Once the line holding "Vassoio in argento" is found, output it and all remaining lines of the data exactly, with every picture left out.

◆ **Supplied information**
---------------
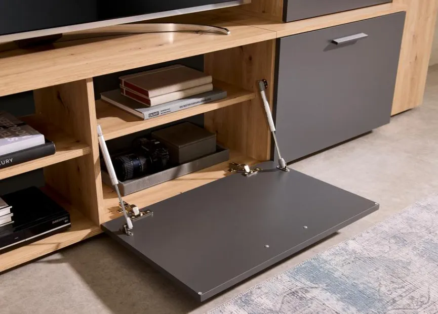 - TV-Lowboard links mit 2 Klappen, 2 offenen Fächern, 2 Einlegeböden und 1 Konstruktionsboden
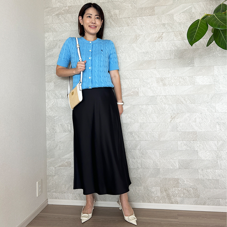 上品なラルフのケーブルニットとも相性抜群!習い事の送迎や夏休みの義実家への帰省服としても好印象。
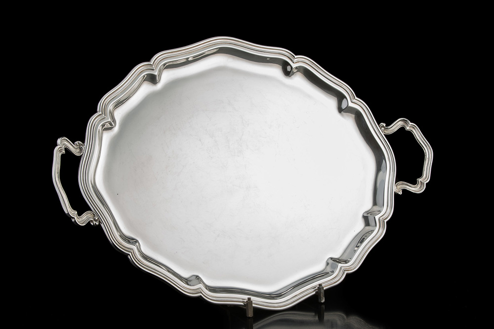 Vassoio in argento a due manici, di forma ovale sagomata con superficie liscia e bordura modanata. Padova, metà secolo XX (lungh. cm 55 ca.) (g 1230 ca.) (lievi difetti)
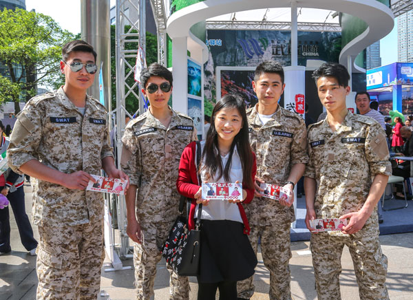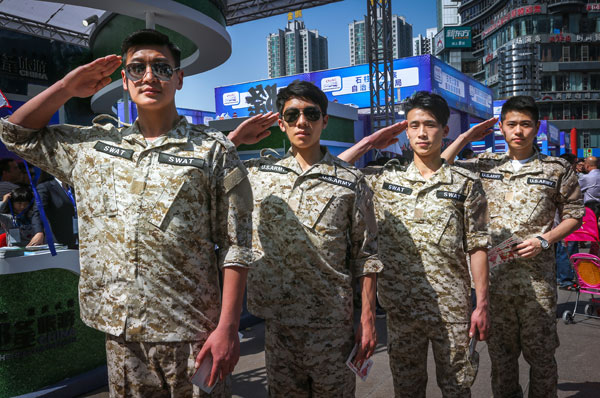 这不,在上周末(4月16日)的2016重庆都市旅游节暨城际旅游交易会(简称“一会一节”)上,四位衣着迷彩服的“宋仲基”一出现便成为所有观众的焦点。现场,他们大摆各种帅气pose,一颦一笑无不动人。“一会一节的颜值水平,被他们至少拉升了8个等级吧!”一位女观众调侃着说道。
---------------
◆ **Problem solution**
 Vassoio in argento a due manici, di forma ovale sagomata con superficie liscia e bordura modanata. Padova, metà secolo XX (lungh. cm 55 ca.) (g 1230 ca.) (lievi difetti)
 这不,在上周末(4月16日)的2016重庆都市旅游节暨城际旅游交易会(简称“一会一节”)上,四位衣着迷彩服的“宋仲基”一出现便成为所有观众的焦点。现场,他们大摆各种帅气pose,一颦一笑无不动人。“一会一节的颜值水平,被他们至少拉升了8个等级吧!”一位女观众调侃着说道。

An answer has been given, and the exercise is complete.